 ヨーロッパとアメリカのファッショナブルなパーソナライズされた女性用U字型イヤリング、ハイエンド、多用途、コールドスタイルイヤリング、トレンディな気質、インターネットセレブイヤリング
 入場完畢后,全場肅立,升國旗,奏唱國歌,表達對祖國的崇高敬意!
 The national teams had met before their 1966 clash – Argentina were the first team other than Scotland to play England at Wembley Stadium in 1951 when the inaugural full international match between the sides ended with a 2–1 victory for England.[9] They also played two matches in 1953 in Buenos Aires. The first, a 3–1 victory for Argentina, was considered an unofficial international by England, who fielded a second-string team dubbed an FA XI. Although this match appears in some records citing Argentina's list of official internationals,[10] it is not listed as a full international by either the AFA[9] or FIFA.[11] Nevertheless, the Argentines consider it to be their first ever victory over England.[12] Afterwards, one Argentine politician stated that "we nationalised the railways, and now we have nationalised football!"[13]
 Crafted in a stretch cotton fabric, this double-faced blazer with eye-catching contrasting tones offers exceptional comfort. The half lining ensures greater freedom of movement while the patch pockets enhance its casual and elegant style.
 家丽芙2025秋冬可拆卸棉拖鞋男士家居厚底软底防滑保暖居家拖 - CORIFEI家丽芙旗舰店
....
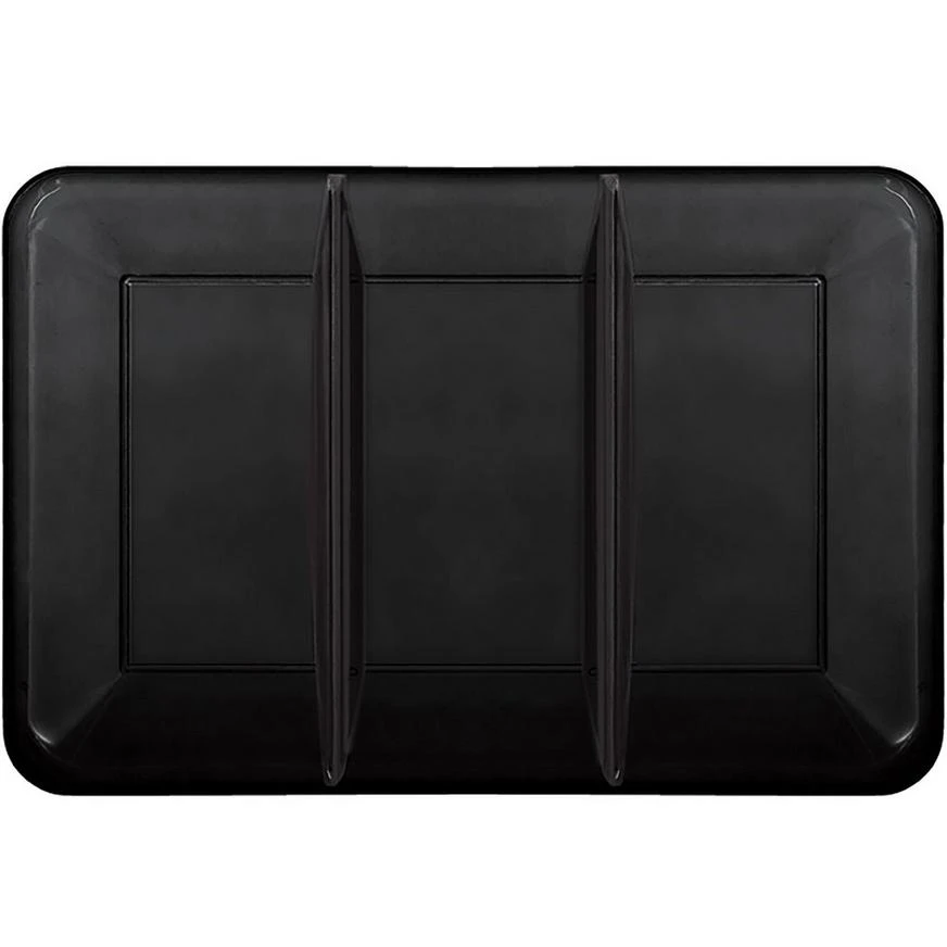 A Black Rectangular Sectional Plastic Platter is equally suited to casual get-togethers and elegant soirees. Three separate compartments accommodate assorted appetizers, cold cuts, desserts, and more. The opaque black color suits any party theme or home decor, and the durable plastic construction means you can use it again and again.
....
*WHAT THIS TASK INVOLVES*
The line above containing "ヨーロッパとアメリカのファッ", the line containing "入場完畢后,全場肅立,升國旗,奏唱國歌,表達對祖國的崇高敬意!", and every line between them are to be transcribed exactly; no other line is wanted.

*EXPECTED ANSWER*
 ヨーロッパとアメリカのファッショナブルなパーソナライズされた女性用U字型イヤリング、ハイエンド、多用途、コールドスタイルイヤリング、トレンディな気質、インターネットセレブイヤリング
 入場完畢后,全場肅立,升國旗,奏唱國歌,表達對祖國的崇高敬意!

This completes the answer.